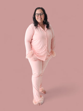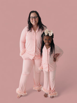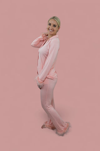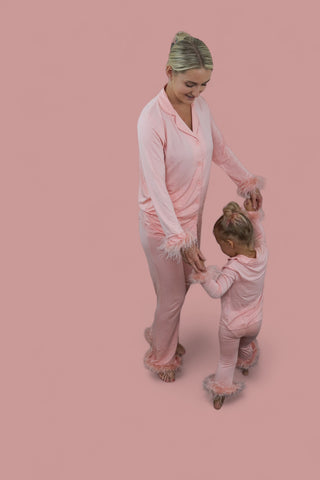 Our top not only has a relaxed feel with button down but also has removable feathers! Our Dream flare pants also feature functional pockets. Relax, sleep and cozy up with the family with our zero irritation tag-less DreamyZzz.
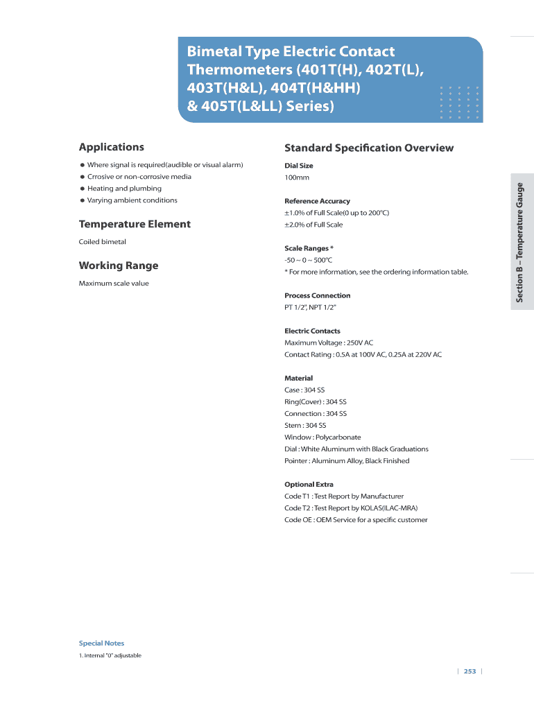 Get the free Bimetal Type Electric Contact Thermometers 401TH 402T
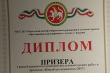15 апреля на базе «Городского центра творческого развития и гуманитарного образования для одаренных детей» города Казани состоялся I Республиканский конкурс исследовательских работ и проектов «Юный исследователь – 2017».
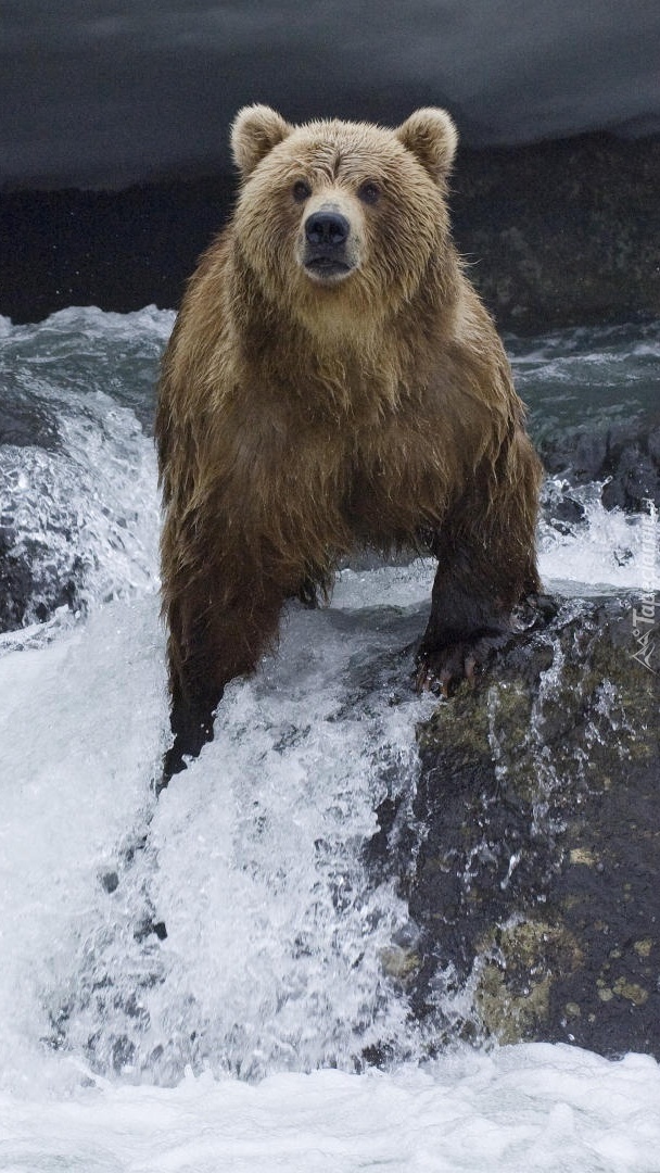 Edytor tapety: Niedźwiedź na rzecznym kamieniu

=== Instructions for the task ===
Each word of the data should be repeated exactly, and the pictures left out.

=== Answer to this problem ===
 Our top not only has a relaxed feel with button down but also has removable feathers! Our Dream flare pants also feature functional pockets. Relax, sleep and cozy up with the family with our zero irritation tag-less DreamyZzz.
 Get the free Bimetal Type Electric Contact Thermometers 401TH 402T
15 апреля на базе «Городского центра творческого развития и гуманитарного образования для одаренных детей» города Казани состоялся I Республиканский конкурс исследовательских работ и проектов «Юный исследователь – 2017».
 Edytor tapety: Niedźwiedź na rzecznym kamieniu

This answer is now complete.